In the latest edition of Working Notes from the Irish Centre for Faith and Justice, contributors take stock of the history of policies pursued in the Irish State for the last century.

They look at issues such as housing, penal reform, and the environment, core areas of work for the JCFJ. And they explore how policies in these areas evolved since the signing of the Anglo-Irish Treaty in 2022.

“This issue of Working Notes bypasses the old contentious questions of the Treaty itself and instead offers an assessment of what Ireland has done with its freedom in the decades since,” according to the editor of Working Notes, and director of the JCFJ, Dr Kevin Hargaden. “Policy is the mundane ground on which our grand visions land,” he adds.

In “One of the most striking pieces of analysis ever offered in the decades in which Working Notes has been published,” (Kevin Hargaden), Dr Louise Brangan of the University of Strathclyde and Keith Adams of JCFJ have collaborated to produce ‘How I[reland] Learned to Stop Worrying and Love the Prison’.

Both authors contend that Irish penal policy in the past was far from static as is commonly supposed. Rather, a policy of ‘humane pastoral penality’ held sway, particularly in the middle decades of the 1960s and 1970.

They argue that the strengths and the ‘humility’ of this humane and pastoral approach may offer a more positive path forward for penal reform than the liberal incremental approach currently in vogue.

Professor Padraic Kenna of NUI Galway looks at housing policy in Ireland over the last 100 years.

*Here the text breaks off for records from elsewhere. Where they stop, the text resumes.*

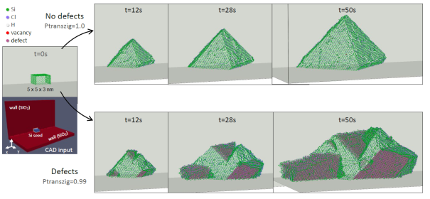 Simulation programs based on classical continuum approaches are of limited use for nanometer-sized structures such as investigated in MUNDFAB. This is because they are not able to accurately predict relevant effects, for instance the reduced electrical activation of dopants, special cases of topography modifications, or the formation and growth of defects. In particular, existing models do not allow the precise simulation of low-temperature processes, which are essential for the sequential 3D integration of devices.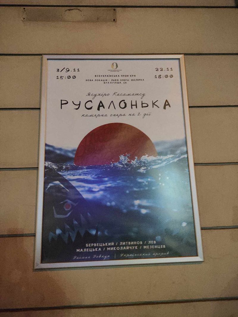 Першою виставою в цьому просторі стала камерна опера на 2 дії «Русалонька» сучасного японського композитора Ясухіро Касаматсу на лібрето Шоічіро Івакірі за мотивами казки Ганса Крістіана Андерсена. Отже українська постановка японського автора за твором датського письменника – такий багатошаровий синтез зумовив пошук відповідних форм і засобів.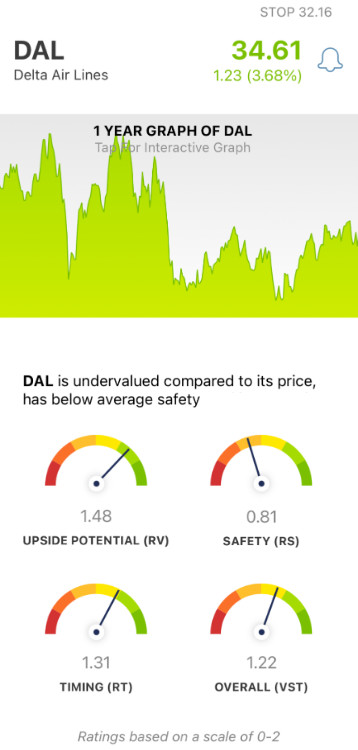 VectorVest advocates buying safe, undervalued stocks, rising in price. As for DAL, it is undervalued with excellent upside potential and very good timing, but it does have poor safety.

Kevin Hargaden says that because of the long number of years covered by Kenna “we are able to get beyond the (appropriate) fury surrounding the contemporary housing and homelessness crisis”, and in doing so we can see that “The challenges we now face are, in some ways, a consequence of our long commitment to expanding homeownership as a means to support the values of ‘civic republicanism … and self-reliance.'”

Hargaden believes the essay is an invaluable contribution to the housing and homelessness crisis and says it is his sincere hope is that it will be widely read and digested by those in positions of influence.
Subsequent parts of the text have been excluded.